━━━━━ Information provided ━━━━━

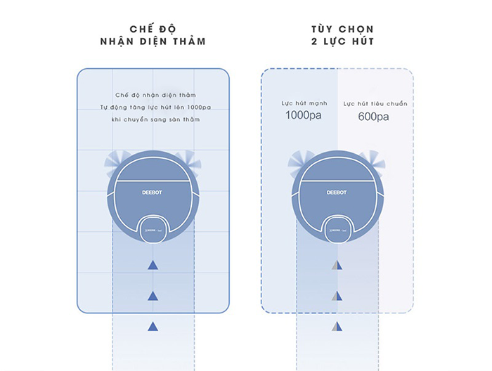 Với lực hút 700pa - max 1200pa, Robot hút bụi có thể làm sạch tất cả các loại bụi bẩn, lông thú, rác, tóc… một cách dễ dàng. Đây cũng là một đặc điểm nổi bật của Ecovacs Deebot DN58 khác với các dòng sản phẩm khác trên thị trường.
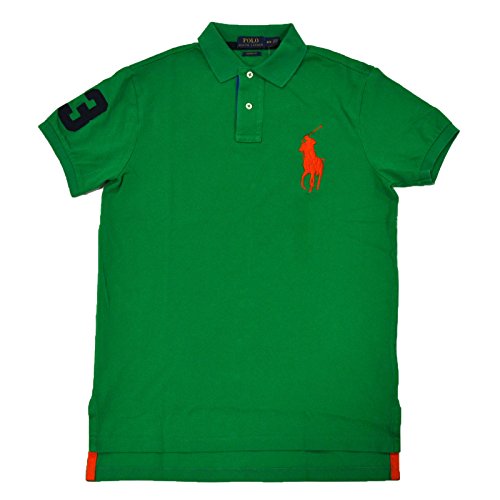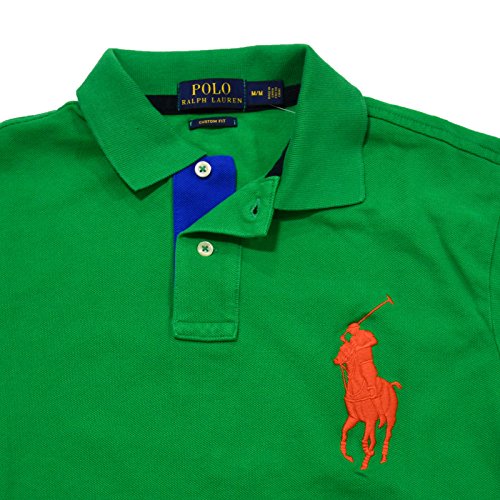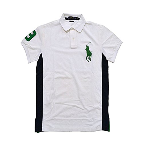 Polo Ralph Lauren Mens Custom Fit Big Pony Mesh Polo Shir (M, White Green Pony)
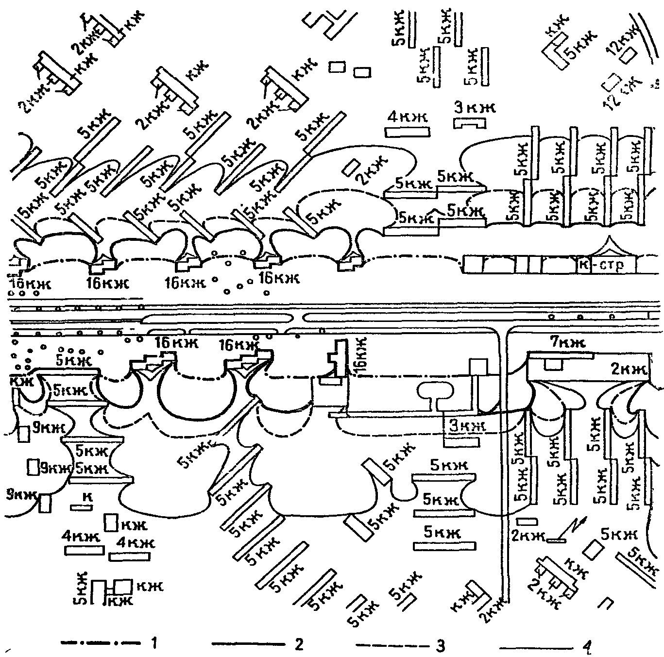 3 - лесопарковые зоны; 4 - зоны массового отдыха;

━━━━━

The data needs to be reproduced exactly, please, apart from its pictures.

§ Response to this task:
 Với lực hút 700pa - max 1200pa, Robot hút bụi có thể làm sạch tất cả các loại bụi bẩn, lông thú, rác, tóc… một cách dễ dàng. Đây cũng là một đặc điểm nổi bật của Ecovacs Deebot DN58 khác với các dòng sản phẩm khác trên thị trường.
 Polo Ralph Lauren Mens Custom Fit Big Pony Mesh Polo Shir (M, White Green Pony)
 3 - лесопарковые зоны; 4 - зоны массового отдыха;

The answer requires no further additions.